▶ _TRY IT_
Although the records include pictures, the copy should not; write out exactly the lines from the first through the line with "5μm以下の粒子の高い比率 エアロゾルのロスを抑 吸入治療をカスタマイズ 洗浄が簡単 可能".

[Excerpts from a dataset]
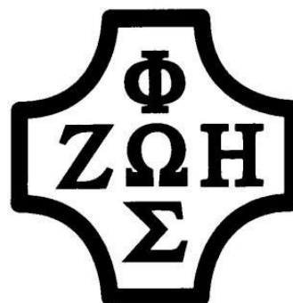
Foska - symbol Ruchu Światło-Życie

zówka, drogowskaz. To Słowo chce rozbłysnąć jako światło dla naszej woli, postępowania, życia. To właśnie ono przenika nasze życie. W samym centrum owego krzyża jest grecka litera omega (Ω) oznaczająca Ducha Świętego. Dzięki niemu życie staje się światłem, a światło-życiem. Ten oazowy znak wyraża ideał chrześcijańskiej dojrzałości, który polega na życiu zgodnym w wolą Bożą oraz nieustanne pragnienie dążenia do stawania się „Nowym Człowiekiem”.
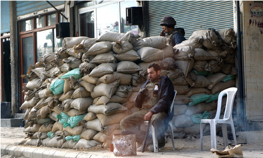
Syrische Soldaten in Douma

gegenüber dem Untersuchungsteam und auch der internationalen Öffentlichkeit zu sprechen [2]. Eingeladen hatte die Courage Stiftung [3], die Whistleblower wie Julian Assange und Edward Snowden unterstützt.
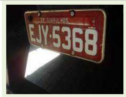
SEMI REBOQUE MARCA FACHINNI MODELO SIDER ANO 2010 ANO MODELO 2010 COMPRIMENTO 15,40 M | Item: 690
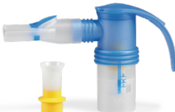
PARI LCスプリントジュニア

5μm以下の粒子の高い比率 エアロゾルのロスを抑 吸入治療をカスタマイズ 洗浄が簡単 可能
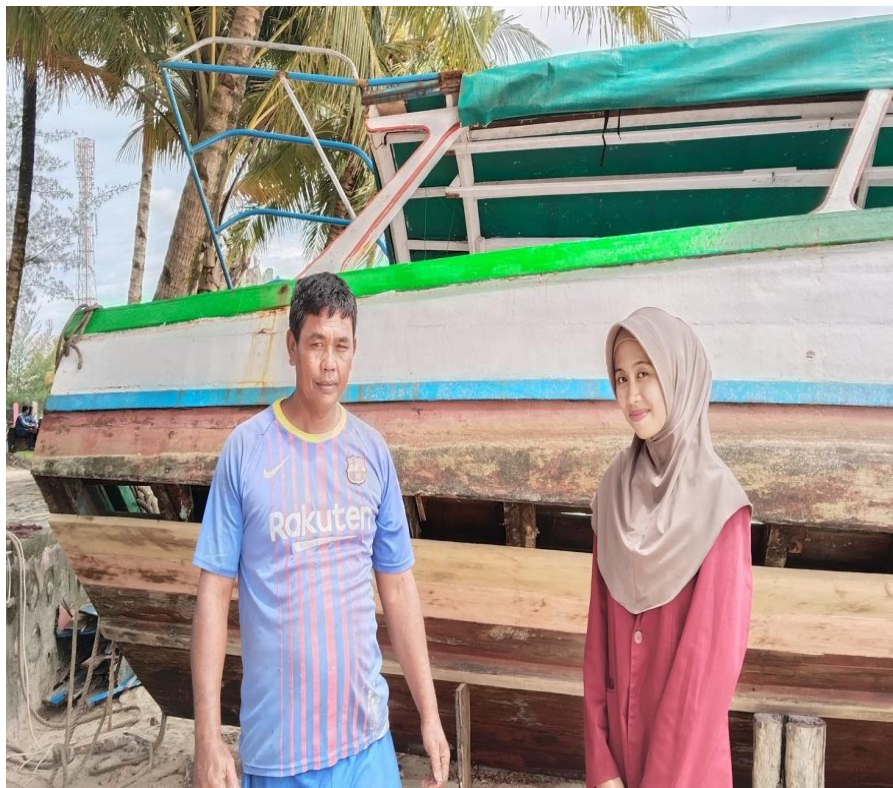
Gambar 1.4 Dokumentasi Wawancara Bersama Bapak Pemilik Kapal Wisata
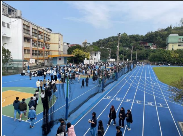
學生四方八面湧入操場集合
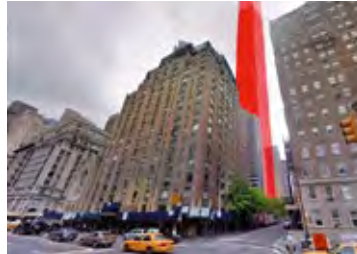
Central dark: Bildmontage, Kampagne gegen überdimensionale Hochhäuser, die die Umgebung zu stark beschatten

züglich der Flächennutzung und der Festlegung von Denkmälern ausführlicher besprochen.
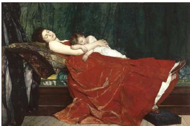
Alphonse Eugène Félix LECADRE Le Sommeil

Devant les œuvres, avant même de parler des tableaux, demandez aux élèves de votre groupe de nommer toutes les couleurs qu'ils connaissent. N'hésitez pas à utiliser les couleurs qu'ils portent sur eux : le pull, le pantalon, les chaussures... pour les aider
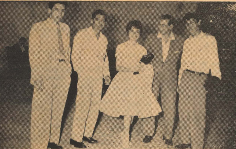
Estos jóvenes estudiantes nos muestran su simpatía con una sonrisa para "Horizontes Sanmarquinos".
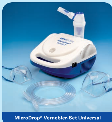
MicroDrop® Vernebler-Set Universal

Sowohl mit den MicroDrop® Kompressoren, als auch mit anderen Kompressoren und mit Druckluftflowmetern:
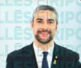
Bernat Solé, conseller d'Acció Exterior
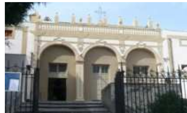
CHIESA SANTA MARIA DI MONSERRATO

SCUOLA PRIMARIA "N.GARZILLI" VIA ISONZO 7 PALERMO
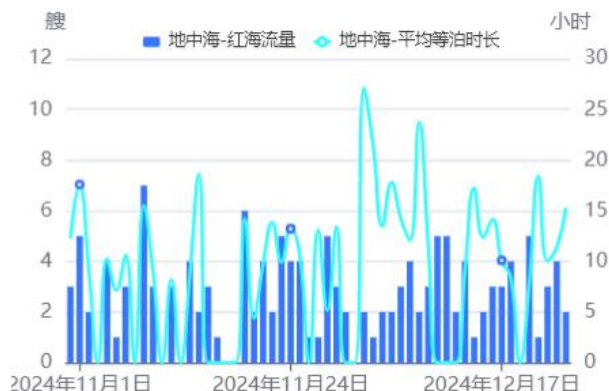
图6：地中海→红海流量/待泊时长
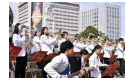
歓迎演奏イメージ
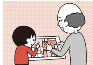
⑤お年寄りや身体の不自由な人は、避難経路と避難方法を常に確保し、備えておく
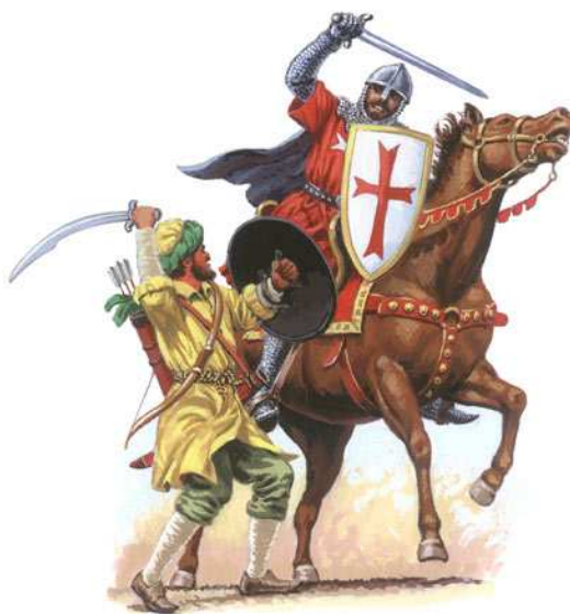
fig.5 D. Afonso Henriques na luta pela conquista de Lisboa

4. A 25 de Outubro de 1147, D. Afonso Henriques cerca o castelo dos mouros sendo ajudado pelos cruzados ingleses, normandos e alemães.
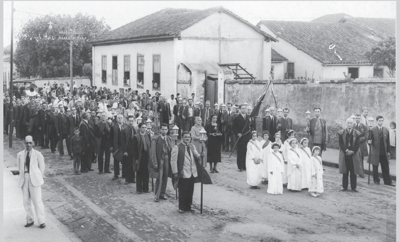
Procissão da Festa do Divino, tendo à frente a Irmandade do Santíssimo Sacramento, pela Rua Pernambuco, 1936

A parte profana dos festejos constava de leilões de prendas, levantamento do “pau de sebo”, no alto do qual eram colocados alguns mil réis, e do
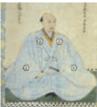
因島村上水軍6代当主 村上新蔵人吉充
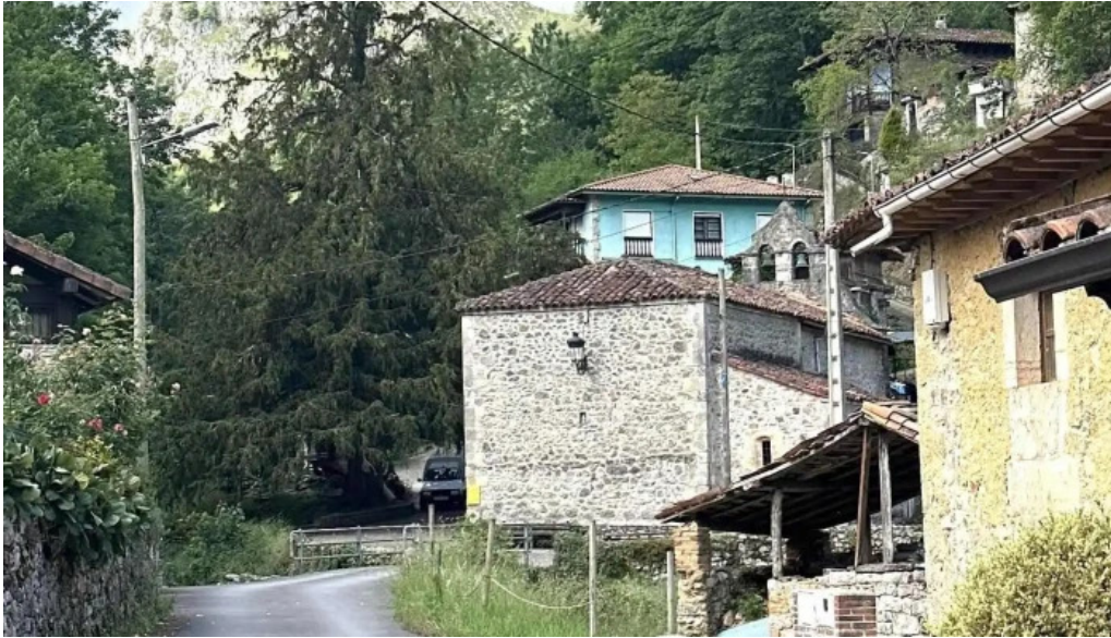
Iglesia de san justo y san pastor iglesia catolica
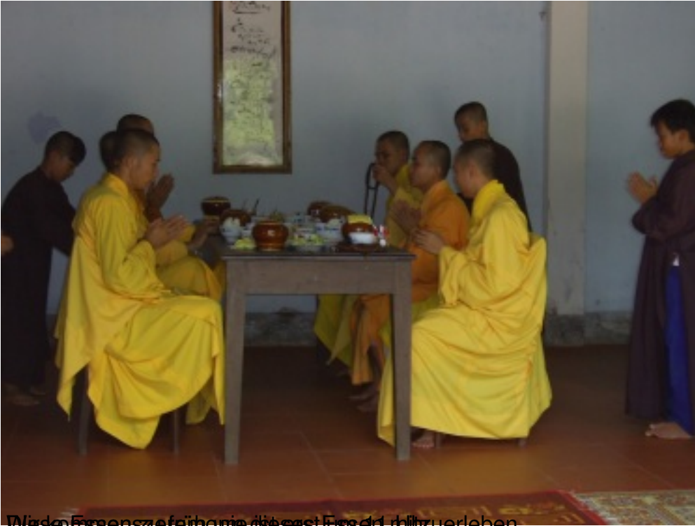
Nur die Freizeit genießen, aber die Feiern nicht erleben
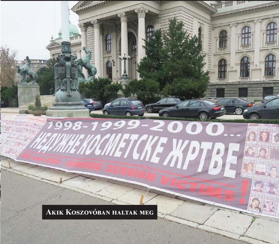
AKIK KOSZOVÓBAN HALTAK MEG
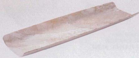
M21 70 071 ソフィアベージュ 53cm細長角トレイ [CN] L-53 S-16.2 H-4 ¥4,000
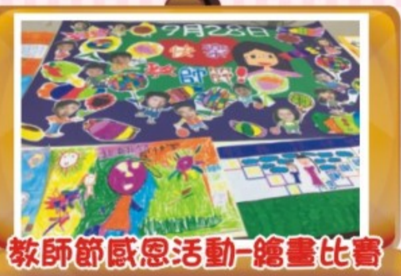
教師節感恩活動-繪畫比賽
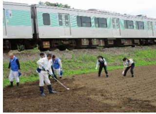
<種まき/JR 車掌さんと保全会員>
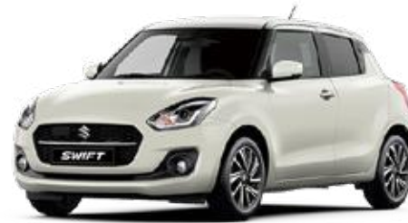
Pure White Pearl
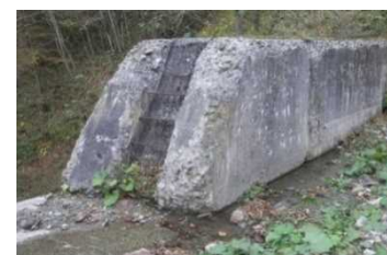
砂防堰堤の老朽化状況
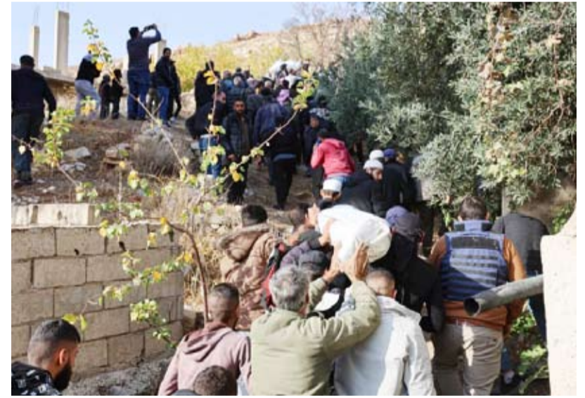
سوريون يشيعون ضحايا الاعتداء الصهيوني
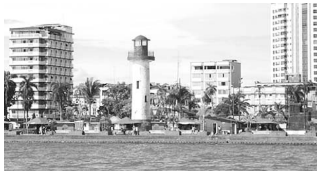
La alcaldía de Buenaventura solicitó al gobierno más inversión para el distrito.

En carta abierta, 750 organizaciones religiosas y laicas,
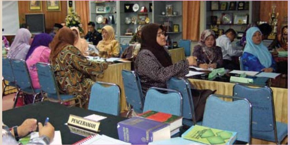
Sebahagian para peserta yang menghadiri bengkel tersebut.

Sepanjang bengkel para peserta telah mendengar ceramah mengenai Penulisan Huruf, Tanda Baca, Penggunaan Kata Pemeri, Kelewahan Bahasa, Terjemahan dan Penggunaan Terasul dan Bahasa Dalam, di samping latihan praktikal mengenai ejaan rumi baru.
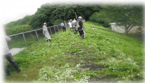
ため池堤体の草刈り作業
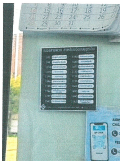
รูปภาพที่ 2.16 เบอร์โทรคัพท์ฉุกเฉิน
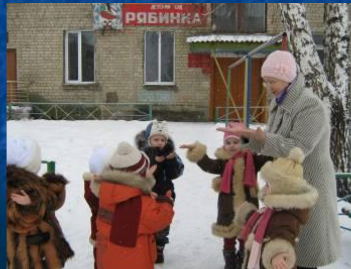
Изучаем свойства снега
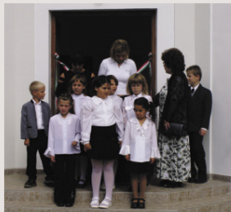
Az átányi művészeti iskola első osztálya
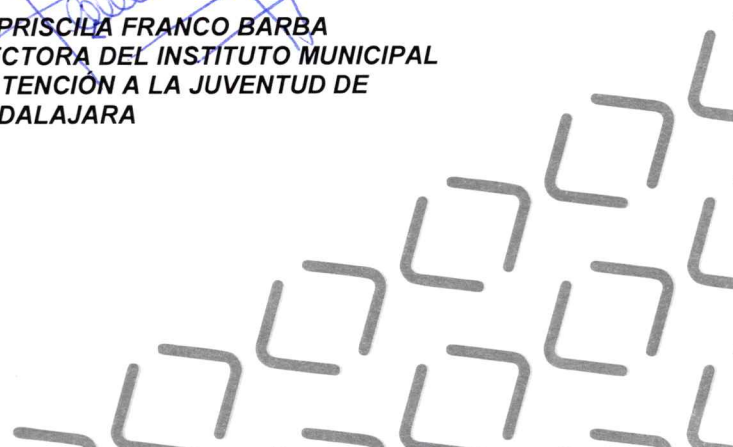
LIC. PRISCILA FRANCO BARBA DIRECTORA DEL INSTITUTO MUNICIPAL DE ATENCIÓN A LA JUVENTUD DE GUADALAJARA
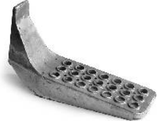
Astinlauta ala VOF10,12 1509846
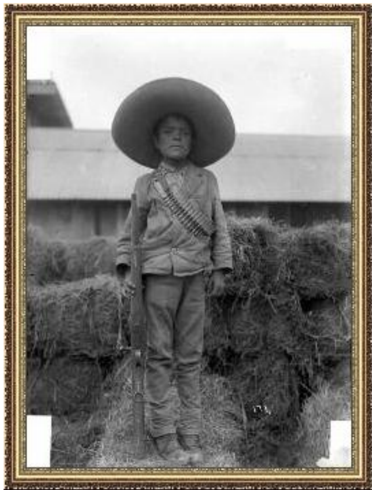
Мексиканский мальчик-солдат Освободительной армии

Борьба за Конституцию и буржуазные свободы. Партизанские отряды.
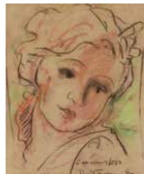
50 Pascual Navarro Rostro de Mujer, 1976 Pastel sobre Papel, 25cm X 20cm Firmado abajo derecha Precio Base: Bs. 600.000
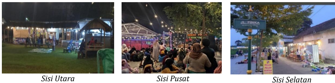
Gambar 1. Perbedaan Tingkat Keramaian Sisi Utara, Tengah, dan Selatan Taman Pinka Sumber: Dokumentasi Peneliti, 2026

Temuan tersebut menunjukkan bahwa upaya menciptakan iklim usaha melalui pembukaan akses ekonomi telah berjalan, namun masih memerlukan penguatan pada aspek pemerataan kesempatan. Menurut Kartasasmita (1996), enabling merupakan upaya menciptakan kondisi dan kesempatan yang memungkinkan masyarakat mengembangkan potensi yang dimiliki melalui akses dan peluang yang setara. Dalam konteks Taman Pinka, kesempatan berusaha telah diberikan kepada masyarakat lokal maupun luar desa sehingga potensi ekonomi masyarakat dapat berkembang. Namun, konsentrasi pengunjung pada titik tertentu menunjukkan bahwa distribusi manfaat ekonomi belum sepenuhnya merata. Oleh karena itu, aspek enabling masih perlu diperkuat melalui pengelolaan kawasan yang mampu mendorong persebaran aktivitas pengunjung secara lebih seimbang.

▶ _RESPONSE TO THIS TASK_
Foska - symbol Ruchu Światło-Życie

zówka, drogowskaz. To Słowo chce rozbłysnąć jako światło dla naszej woli, postępowania, życia. To właśnie ono przenika nasze życie. W samym centrum owego krzyża jest grecka litera omega (Ω) oznaczająca Ducha Świętego. Dzięki niemu życie staje się światłem, a światło-życiem. Ten oazowy znak wyraża ideał chrześcijańskiej dojrzałości, który polega na życiu zgodnym w wolą Bożą oraz nieustanne pragnienie dążenia do stawania się „Nowym Człowiekiem”.
Syrische Soldaten in Douma

gegenüber dem Untersuchungsteam und auch der internationalen Öffentlichkeit zu sprechen [2]. Eingeladen hatte die Courage Stiftung [3], die Whistleblower wie Julian Assange und Edward Snowden unterstützt.
SEMI REBOQUE MARCA FACHINNI MODELO SIDER ANO 2010 ANO MODELO 2010 COMPRIMENTO 15,40 M | Item: 690
PARI LCスプリントジュニア

5μm以下の粒子の高い比率 エアロゾルのロスを抑 吸入治療をカスタマイズ 洗浄が簡単 可能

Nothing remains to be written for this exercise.